_Description of the task_: From the first line to the last, retype the records exactly and skip the pictures.

_Extracted information_:
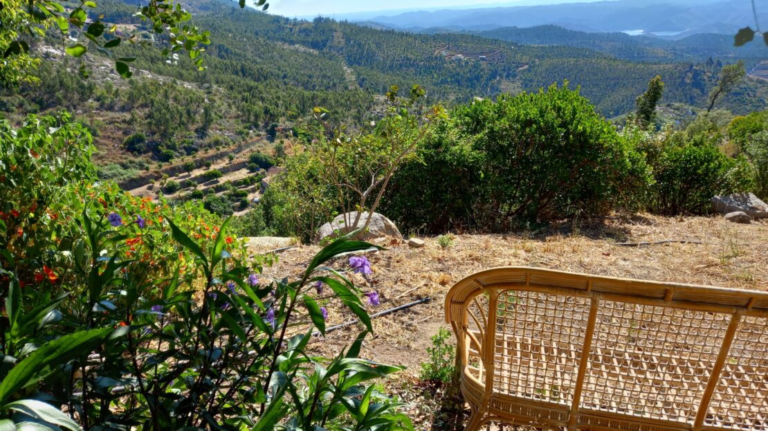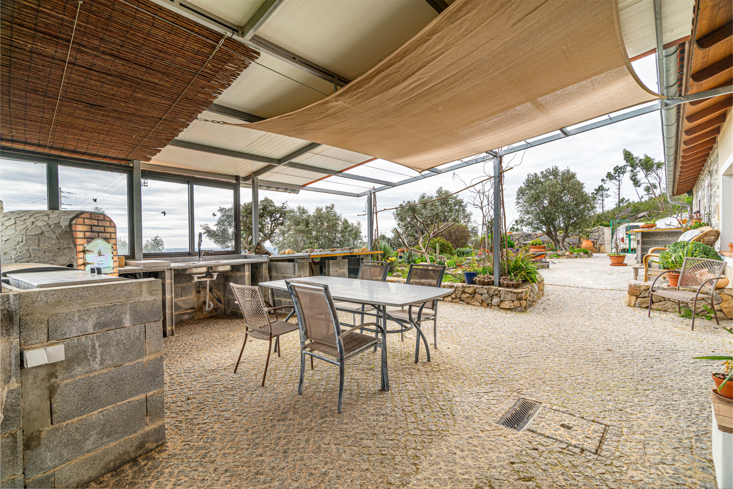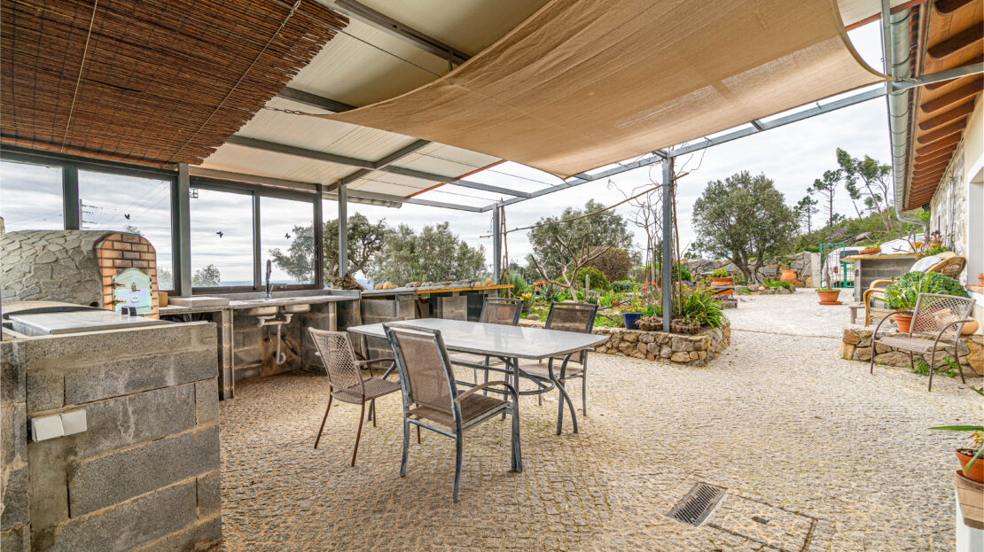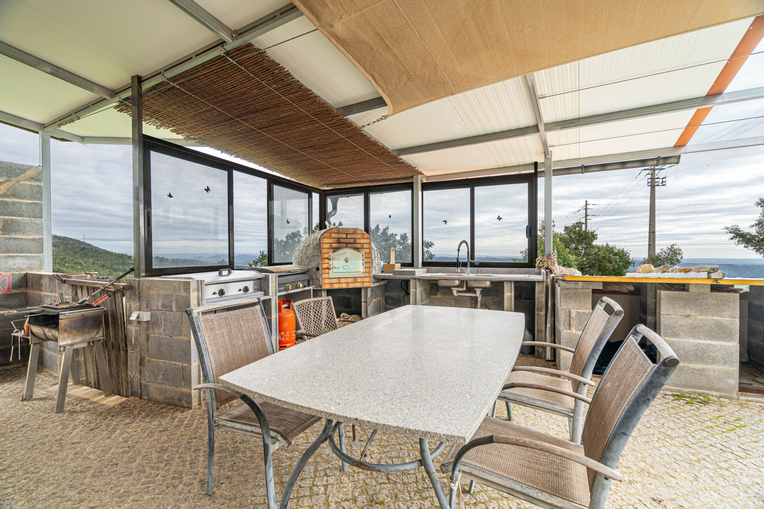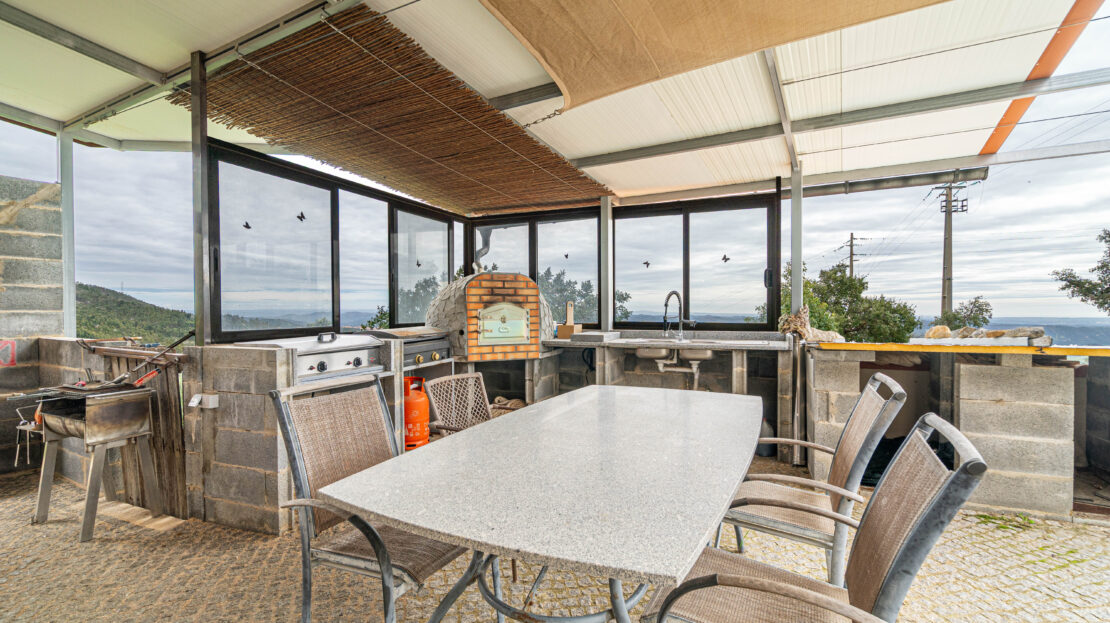 A sala de estar abre-se para um grande terraço com zona coberta, onde se encontra uma cozinha exterior totalmente equipada, com lava-louça, fogão a gás, forno a lenha para pão e área de churrasco. Existe ainda chuveiro exterior e ampla área de apoio, tudo com vistas panorâmicas sobre a paisagem envolvente.
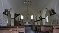 À l'intérieur la nef est composée de quatre travées avec des arcs en plein cintre séparées par des piles carrées aux dimensions irrégulières.
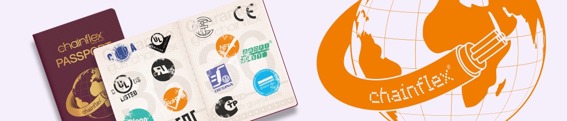 산업별 지침 또한 빼놓을 수 없습니다. 반도체 산업에서는 IPA 클린 룸 승인이, 해양 산업에는 DNV-GL 인증이 필요한 반면, DESINA가 중요한 역할을 하는 경우도 있습니다. chainflex®를 통해 모든 요구조건을 충족하실 수 있습니다. 전세계 어디서나, 안심하고 사용하세요!
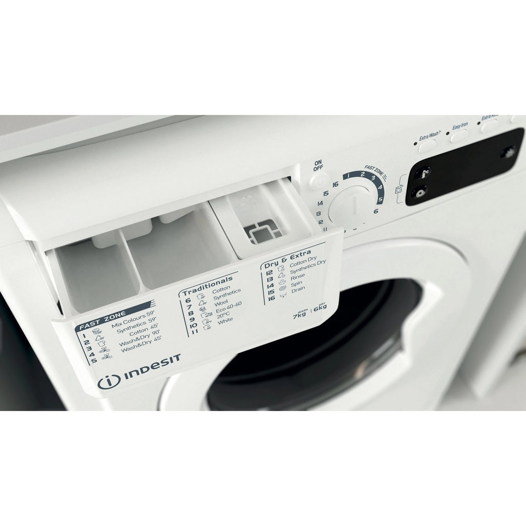 Sort the laundry hassle-free with the Indesit EWDE761483WUK freestanding washer dryer. Boasting a powerful 1400 rpm spin speed, this machine effortlessly handles your washing and drying needs. Ideal for busy lifestyles, it offers a convenient delay start feature, allowing you to schedule your laundry cycle up to 24 hours in advance—perfect for having clean clothes ready when you get home from work.
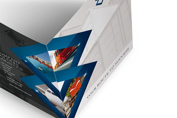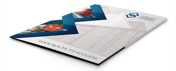 A sharp, polished vector logo resembling two interlinked metal diamonds adorns the cover of this design for a logistics business. It’s an energetic corporate identity that strongly conveys a sense of professionalism and expertise.
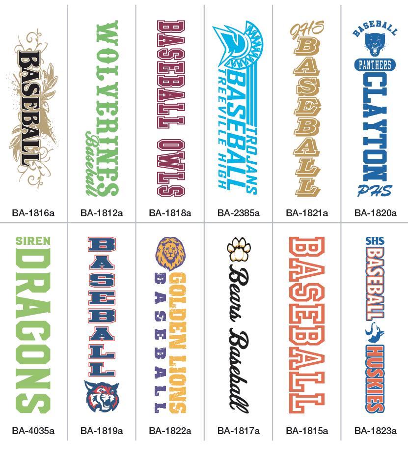 designs, script fonts and/or names smaller than 2”. gold vegas copper bronze red pink cherry eggplant purple lavender navy royal holo pink *translucent aqua emerald kelly black si ver multi dark white neon yellow neon pink neon orange neon purple neon blue multi light ADDITIONAL FONTS AVAILABLE Braves Bullpen Cachet College Spartan Impact Revue Redskins T E AM, NAME AND NUMBER F ON T OP T IONS NUMBER F ON T OP T IONS All Sport Blitz Flare Brush Rally S T YLE OP T IONS Thunder Victory Wedge
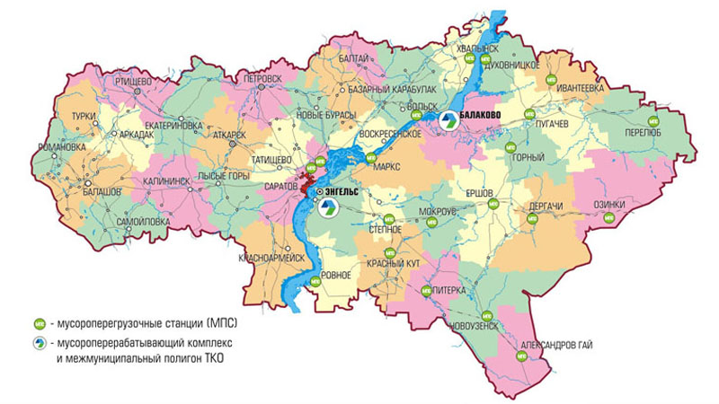 Согласно территориальной схеме по обращению с ТКО, в зону деятельности регионального оператора входят следующие муниципальные районы: Александрово-Гайский, Балаковский, Вольский, Дергачевский, Духовницкий, Ершовский, Ивантеевский, Краснокутский, Краснопартизанский, Марксовский, Новоузенский, Озинский, Перелюбский, Питерский, Пугачевский, Ровенский, Советский, Федоровский, Хвалынский, Энгельсский, ЗАТО Михайловское, ЗАТО Шиханы, МО «Город Саратов».
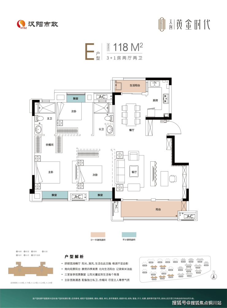 这个118㎡的户型,3+N的布局,双阳台设计,主卧通透套房,步入式衣帽间,大U型厨房,南向超6米的阳台……这是130㎡的高层都很难做到的尺度,妥妥安放一家三口的日常。

_Answer box_:
 A sala de estar abre-se para um grande terraço com zona coberta, onde se encontra uma cozinha exterior totalmente equipada, com lava-louça, fogão a gás, forno a lenha para pão e área de churrasco. Existe ainda chuveiro exterior e ampla área de apoio, tudo com vistas panorâmicas sobre a paisagem envolvente.
 À l'intérieur la nef est composée de quatre travées avec des arcs en plein cintre séparées par des piles carrées aux dimensions irrégulières.
 산업별 지침 또한 빼놓을 수 없습니다. 반도체 산업에서는 IPA 클린 룸 승인이, 해양 산업에는 DNV-GL 인증이 필요한 반면, DESINA가 중요한 역할을 하는 경우도 있습니다. chainflex®를 통해 모든 요구조건을 충족하실 수 있습니다. 전세계 어디서나, 안심하고 사용하세요!
 Sort the laundry hassle-free with the Indesit EWDE761483WUK freestanding washer dryer. Boasting a powerful 1400 rpm spin speed, this machine effortlessly handles your washing and drying needs. Ideal for busy lifestyles, it offers a convenient delay start feature, allowing you to schedule your laundry cycle up to 24 hours in advance—perfect for having clean clothes ready when you get home from work.
 A sharp, polished vector logo resembling two interlinked metal diamonds adorns the cover of this design for a logistics business. It’s an energetic corporate identity that strongly conveys a sense of professionalism and expertise.
 designs, script fonts and/or names smaller than 2”. gold vegas copper bronze red pink cherry eggplant purple lavender navy royal holo pink *translucent aqua emerald kelly black si ver multi dark white neon yellow neon pink neon orange neon purple neon blue multi light ADDITIONAL FONTS AVAILABLE Braves Bullpen Cachet College Spartan Impact Revue Redskins T E AM, NAME AND NUMBER F ON T OP T IONS NUMBER F ON T OP T IONS All Sport Blitz Flare Brush Rally S T YLE OP T IONS Thunder Victory Wedge
 Согласно территориальной схеме по обращению с ТКО, в зону деятельности регионального оператора входят следующие муниципальные районы: Александрово-Гайский, Балаковский, Вольский, Дергачевский, Духовницкий, Ершовский, Ивантеевский, Краснокутский, Краснопартизанский, Марксовский, Новоузенский, Озинский, Перелюбский, Питерский, Пугачевский, Ровенский, Советский, Федоровский, Хвалынский, Энгельсский, ЗАТО Михайловское, ЗАТО Шиханы, МО «Город Саратов».
 这个118㎡的户型,3+N的布局,双阳台设计,主卧通透套房,步入式衣帽间,大U型厨房,南向超6米的阳台……这是130㎡的高层都很难做到的尺度,妥妥安放一家三口的日常。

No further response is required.